[Extracted data entries]
————

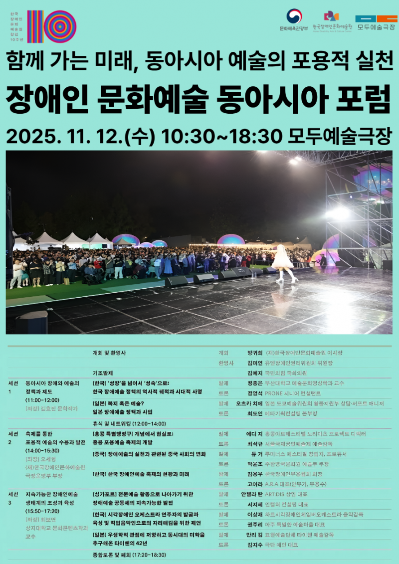(재)한국장애인문화예술원(이하 장문원)이 기관 설립 10주년을 맞아 오는 12일 서울 충정로 모두예술극장에서 '모두예술주간 2025 – 장애인문화예술 동아시아 포럼'을 개최한다.
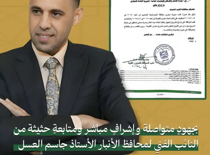 بجهود متواصلة من جاسم العسل إدراج مشروع تجهيز وتنفيذ شبكات مياه الأمطار والصرف الصحي في الفلوجة
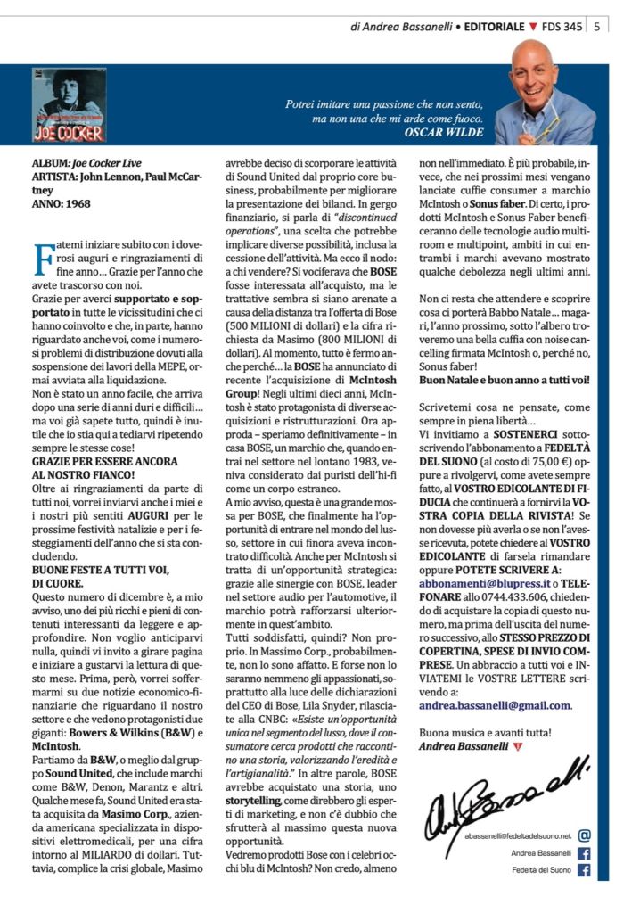 Questo numero di dicembre è, a mio avviso, uno dei più ricchi e pieni di contenuti interessanti da leggere e approfondire. Non voglio anticiparvi nulla, quindi vi invito a girare pagina e iniziare a gustarvi la lettura di questo mese. Prima, però, vorrei soffermarmi su due notizie economico-finanziarie che riguardano il nostro settore e che vedono protagonisti due giganti: Bowers & Wilkins (B&W) e McIntosh.
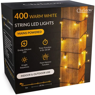 General description Make your home look super sparkly and bright with these LED Christmas String Lights. Suitable for both indoors and outdoors, they come in a variety of sizes and colors to create your perfect Christmas display. Choose from options including 50 LEDs (5m lit length), 100 LEDs (10m), 200 LEDs (20m), 300 LEDs (30m), 400 LEDs (40m), or 600 LEDs (60m), with color choices of white, warm white, or multi-colored. Technical specifications Number of LEDs: 50, 100, 200, 300, 400, or 600 Lit length: 5m, 10m, 20m, 30m, 40m, or 60m Power source: Mains powered with UK transformer plug Cable length: 5m IP rating: IP20 for indoor use, suitable for IP60-rated outdoor sockets Usage 8 flash features including 7 twinkly effects and static function Timer function: 6 hours on / 18 hours off Energy efficient and low cost to run Other information Dark green cable blends seamlessly with surroundings Supplied in recyclable Kraft box with minimal plastic
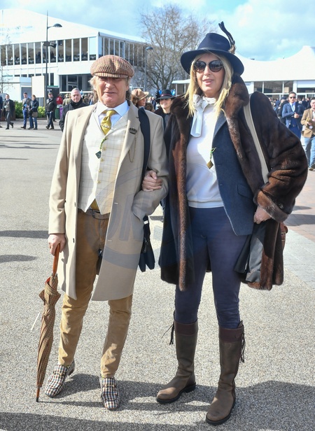 Rod Stewart z zona Penny Lancaster na Cheltenham Racecourse

————

**DESCRIPTION OF THE TASK:**
Print the entries above word for word, without pictures.

**RESPONSE AREA:**
(재)한국장애인문화예술원(이하 장문원)이 기관 설립 10주년을 맞아 오는 12일 서울 충정로 모두예술극장에서 '모두예술주간 2025 – 장애인문화예술 동아시아 포럼'을 개최한다.
 بجهود متواصلة من جاسم العسل إدراج مشروع تجهيز وتنفيذ شبكات مياه الأمطار والصرف الصحي في الفلوجة
 Questo numero di dicembre è, a mio avviso, uno dei più ricchi e pieni di contenuti interessanti da leggere e approfondire. Non voglio anticiparvi nulla, quindi vi invito a girare pagina e iniziare a gustarvi la lettura di questo mese. Prima, però, vorrei soffermarmi su due notizie economico-finanziarie che riguardano il nostro settore e che vedono protagonisti due giganti: Bowers & Wilkins (B&W) e McIntosh.
 General description Make your home look super sparkly and bright with these LED Christmas String Lights. Suitable for both indoors and outdoors, they come in a variety of sizes and colors to create your perfect Christmas display. Choose from options including 50 LEDs (5m lit length), 100 LEDs (10m), 200 LEDs (20m), 300 LEDs (30m), 400 LEDs (40m), or 600 LEDs (60m), with color choices of white, warm white, or multi-colored. Technical specifications Number of LEDs: 50, 100, 200, 300, 400, or 600 Lit length: 5m, 10m, 20m, 30m, 40m, or 60m Power source: Mains powered with UK transformer plug Cable length: 5m IP rating: IP20 for indoor use, suitable for IP60-rated outdoor sockets Usage 8 flash features including 7 twinkly effects and static function Timer function: 6 hours on / 18 hours off Energy efficient and low cost to run Other information Dark green cable blends seamlessly with surroundings Supplied in recyclable Kraft box with minimal plastic
 Rod Stewart z zona Penny Lancaster na Cheltenham Racecourse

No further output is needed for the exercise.